Leaving VMware behind
Not every business can absorb the financial blow of VMware’s new pricing. For some, particularly smaller enterprises or cash-strapped public sector organisations, the only feasible option is to abandon VMware support entirely.
This is deeply concerning. Unsupported software leaves organisations vulnerable to security risks, compliance failures, and operational outages. Critical national infrastructure—healthcare systems, energy grids, and transport networks—are particularly exposed, as they often rely on VMware’s virtualisation technologies to underpin their operations.
The prospect of these systems running on outdated, unsupported platforms should raise alarms for policymakers, business leaders, and the wider industry alike.
Yet, despite the risks, some organisations are willing to gamble. Many are holding out for alternatives, hoping that the market will deliver viable options before their unsupported systems falter. This gamble is a reflection not just of financial desperation but also of frustration with VMware’s perceived disregard for customer needs. By forcing businesses into untenable positions, VMware risks alienating its user base—and creating opportunities for competitors to swoop in.
Third-party support: an iron lung
In this climate of uncertainty, third-party support providers have stepped in for those organisations caught in the crossfire of Broadcom’s acquisition. These providers provide businesses with the breathing room to evaluate their next steps without committing to VMware’s subscriptions—or risking unsupported operations.
Third-party support partners independently maintain their customers’ software environments—free from any individual vendor’s expectations, requirements, or timelines. What does this mean for existing VMware customers? With third-party support, they can stay on their perpetual licence, independently supported to meet regulatory standards, for as long as they want—eliminating the need to convert to a costly subscription model with VMware in the short-term.
One of the most immediate advantages of third-party support is its ability to shield organisations from the steep cost increases associated with VMware’s subscription pricing. By sidestepping these financial pressures, businesses can reallocate their budgets to other priorities without sacrificing essential support.

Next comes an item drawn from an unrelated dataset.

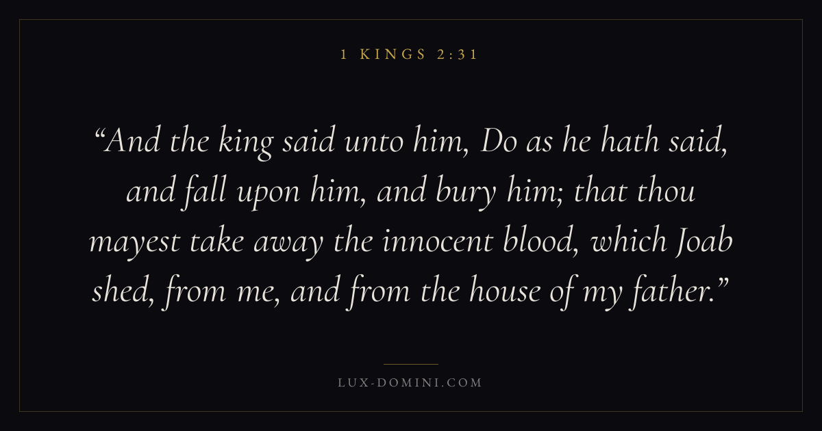 And the king said unto him, Do as he hath said, and fall upon him, and bury him; that thou mayest take away the innocent blood, which Joab shed, from me, and from the house of my father.

At the same time, third-party providers offer a tailored, proactive approach to security, ensuring organisations can maintain compliance and protect themselves against vulnerabilities, even without direct support from VMware.
While third-party support may not grant access to VMware’s latest features, it delivers something arguably more important: control. And with software contracts increasingly shaped by vendor priorities, third-party support empowers organisations to retain their strategic independence and take the time they need to assess their future direction. For many, this has proven to be not just a lifeline, but a practical and reliable pathway through a challenging and uncertain period.
What next?
The challenges facing VMware customers are part of a larger industry trend: a move towards subscription models that prioritise vendor revenue over customer flexibility and autonomy.
These changes are often framed as innovation and customer-centric progress, but for many CIOs and CTOs, the reality feels more like profit-driven disruption. Product support frequently becomes an afterthought, leaving organisations to navigate security gaps, compliance risks, and reduced strategic agility.
A year after Broadcom’s acquisition of VMware, the enterprise IT landscape is more complex—and more dominated by vendor agendas—than ever.
The key takeaway for businesses is clear: maintaining control over technology strategies is essential. Whether that means turning to third-party support, diversifying vendor relationships, or adopting alternative solutions, the era of dependence on a single provider for critical IT infrastructure is over.
The future belongs to organisations that can balance innovation with independence, leveraging the right tools and partnerships to deliver value.